ACTION ITEM: Each line of the listing must be transcribed exactly, except for the images, which should be excluded.

DATA SEGMENT:
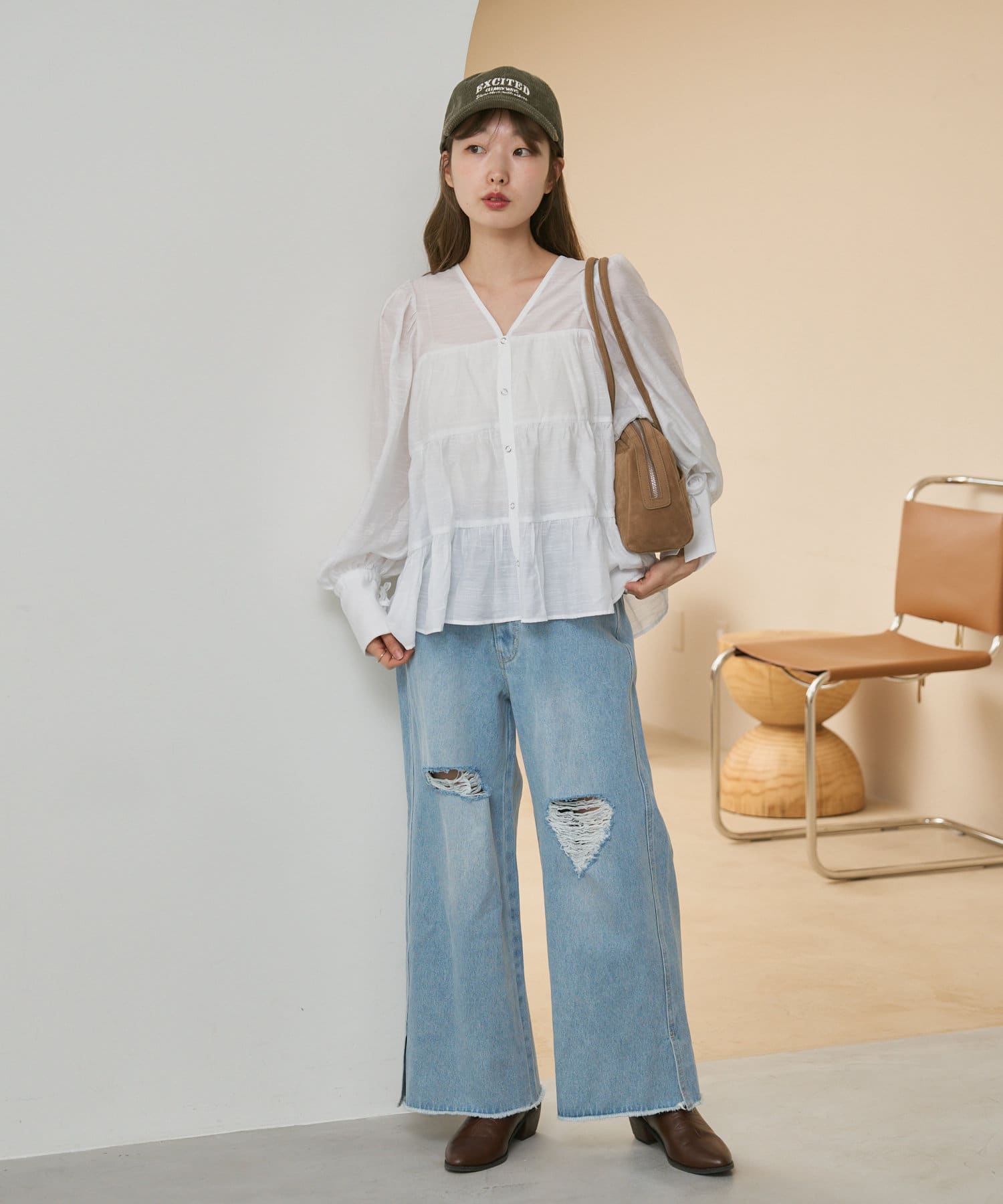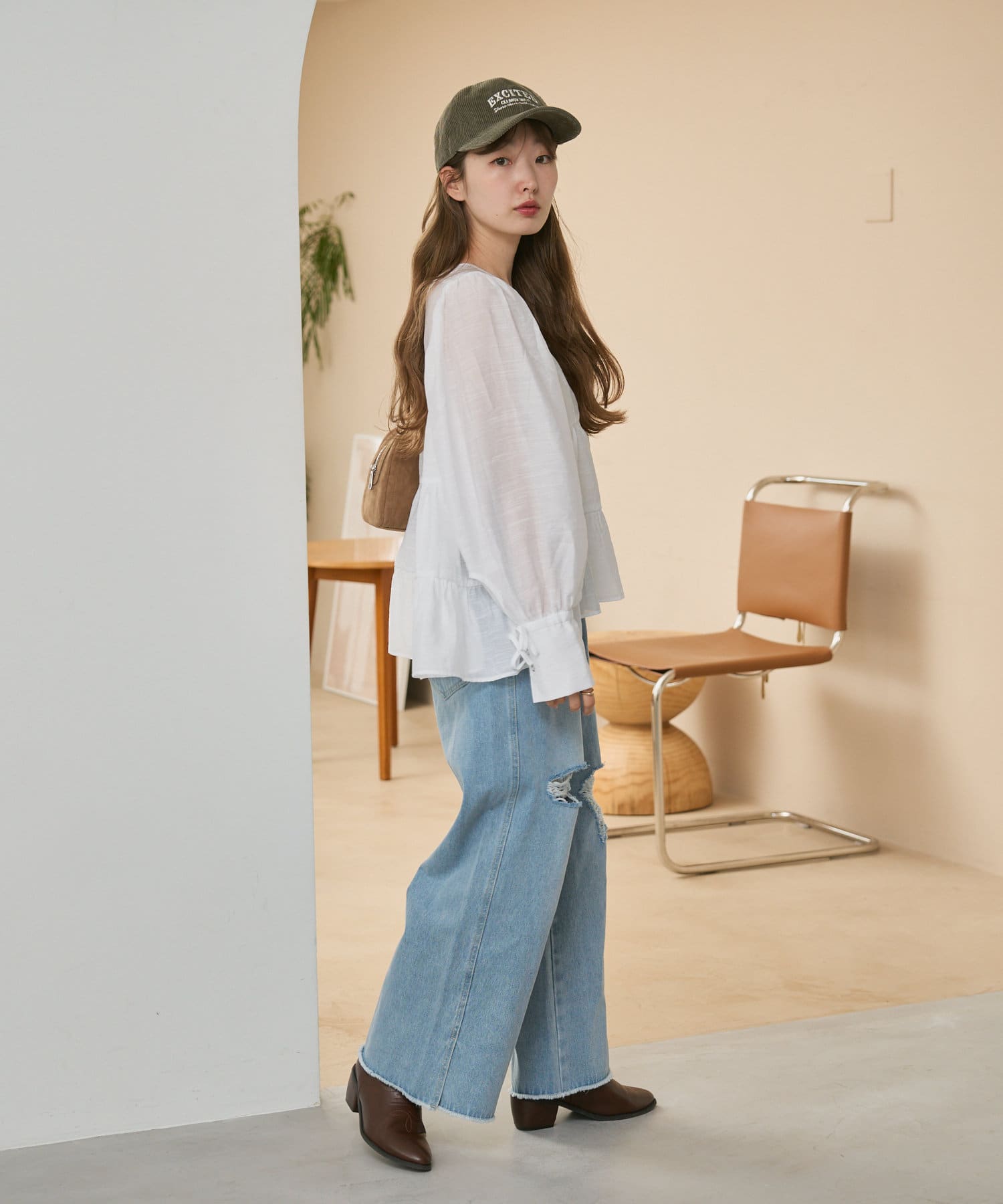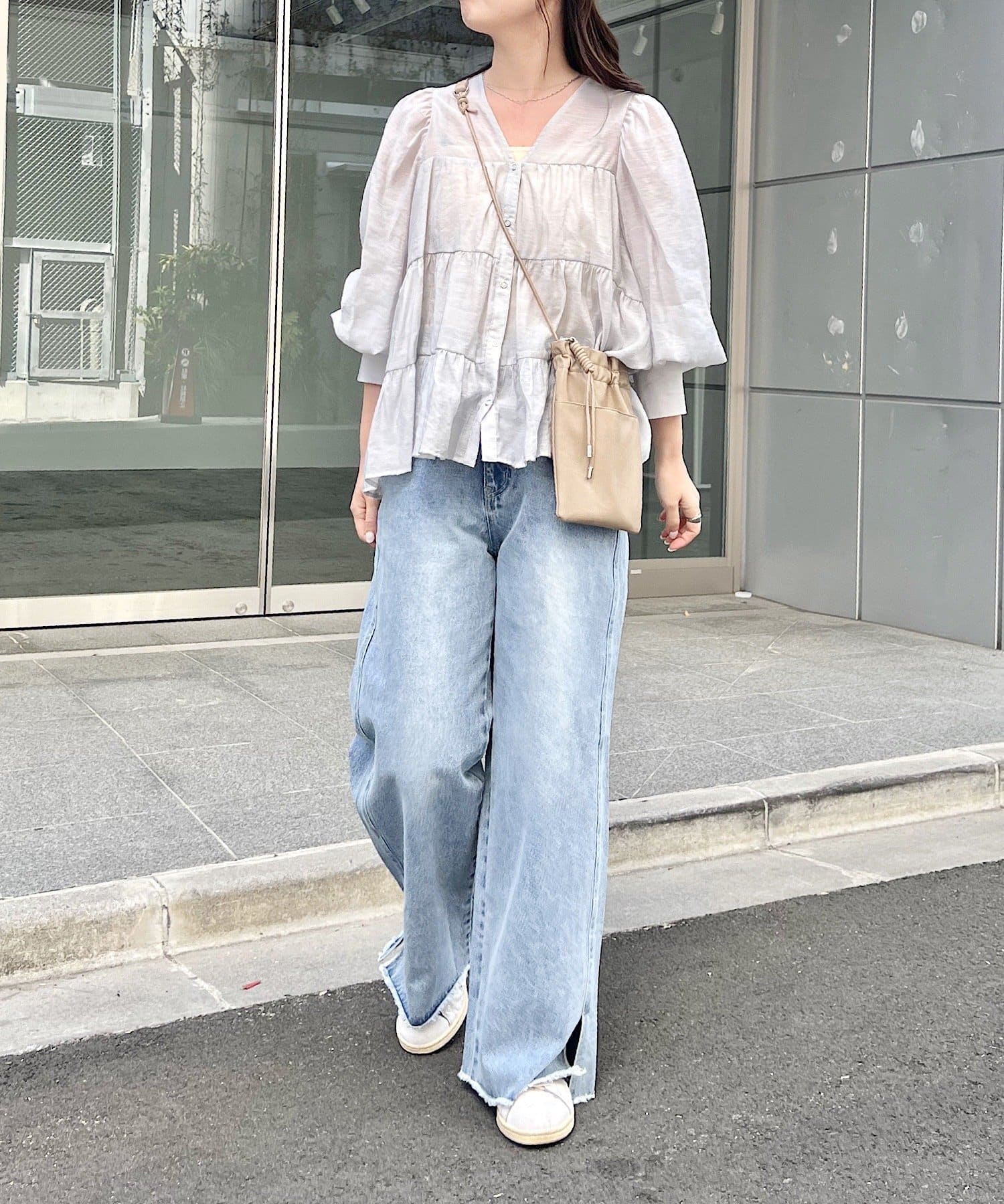 袖はゆったりとしたバルーンスリーブになっているので、手元に女性らしいニュアンスをプラス。
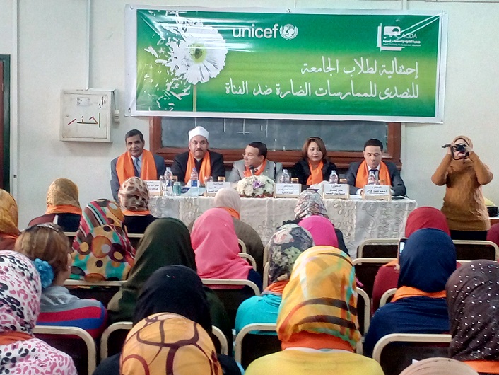إحتفالية الجامعة بعنوان (الممارسات الضارة ضد المرأة) بالتعاون بين مركز البحوث الإجتماعية والتدريب بالكلية وجمعية الطفولة والتنمية باسيوط التابعة لليونسيف وذلك يوم الثلاثاء الموافق 13/12/2016 بدأت من الساعة التاسعة صباحآ حتى الثانية ظهرآ.
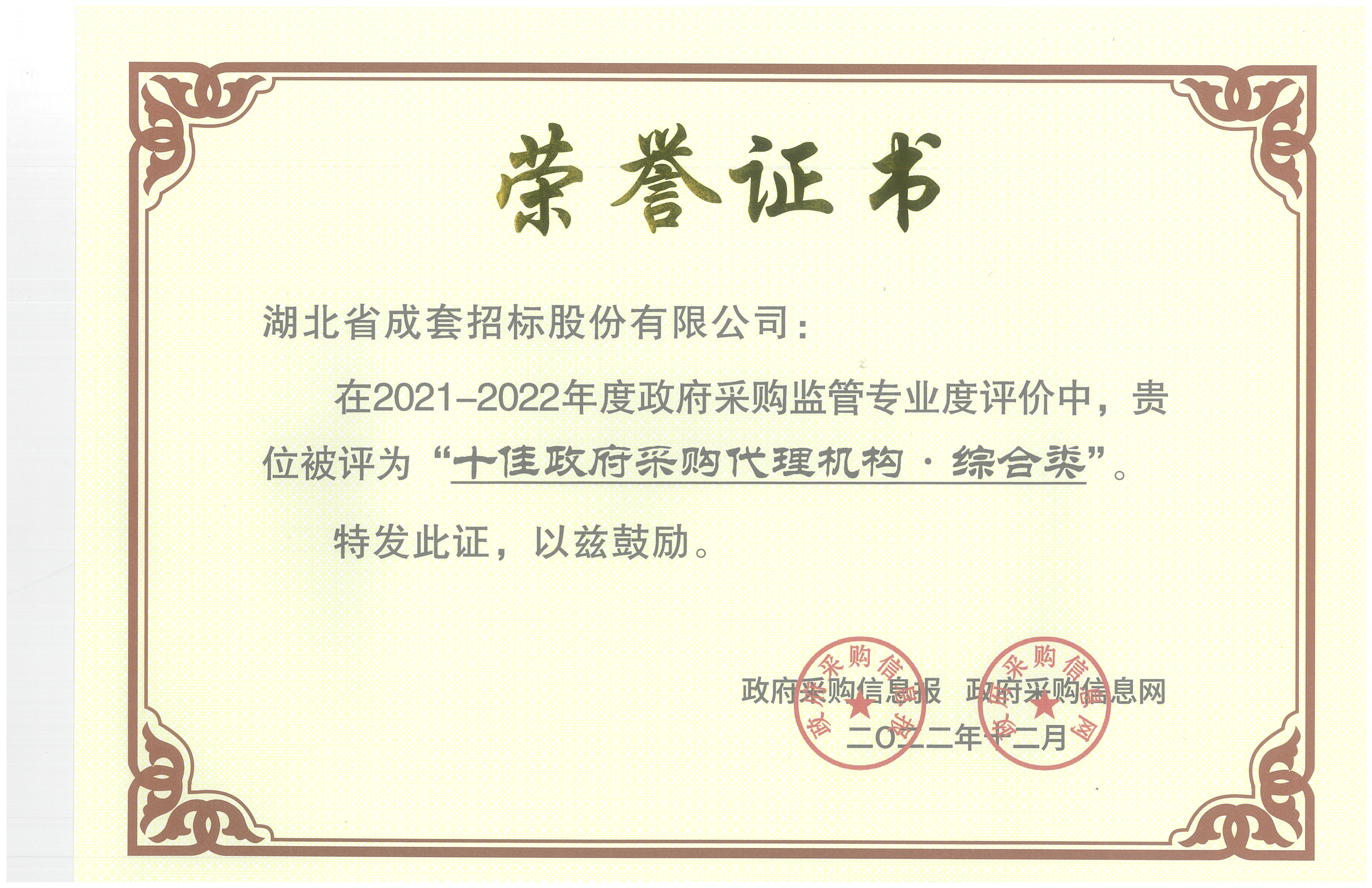 该荣誉由政府采购信息报、政府采购信息网联合主办的“2021-2022年度政府采购监管专业度评价”活动颁发。经过严格的评审,评审组认定公司内部制度健全、人员专业化素质高,代理的政府采购项目业绩突出,受到采购人广泛好评。此次获奖,既是对公司专业实力的肯定,也进一步提升了成套品牌在行业内的影响力。

SOLUTION TO THE EXERCISE:
 袖はゆったりとしたバルーンスリーブになっているので、手元に女性らしいニュアンスをプラス。
إحتفالية الجامعة بعنوان (الممارسات الضارة ضد المرأة) بالتعاون بين مركز البحوث الإجتماعية والتدريب بالكلية وجمعية الطفولة والتنمية باسيوط التابعة لليونسيف وذلك يوم الثلاثاء الموافق 13/12/2016 بدأت من الساعة التاسعة صباحآ حتى الثانية ظهرآ.
 该荣誉由政府采购信息报、政府采购信息网联合主办的“2021-2022年度政府采购监管专业度评价”活动颁发。经过严格的评审,评审组认定公司内部制度健全、人员专业化素质高,代理的政府采购项目业绩突出,受到采购人广泛好评。此次获奖,既是对公司专业实力的肯定,也进一步提升了成套品牌在行业内的影响力。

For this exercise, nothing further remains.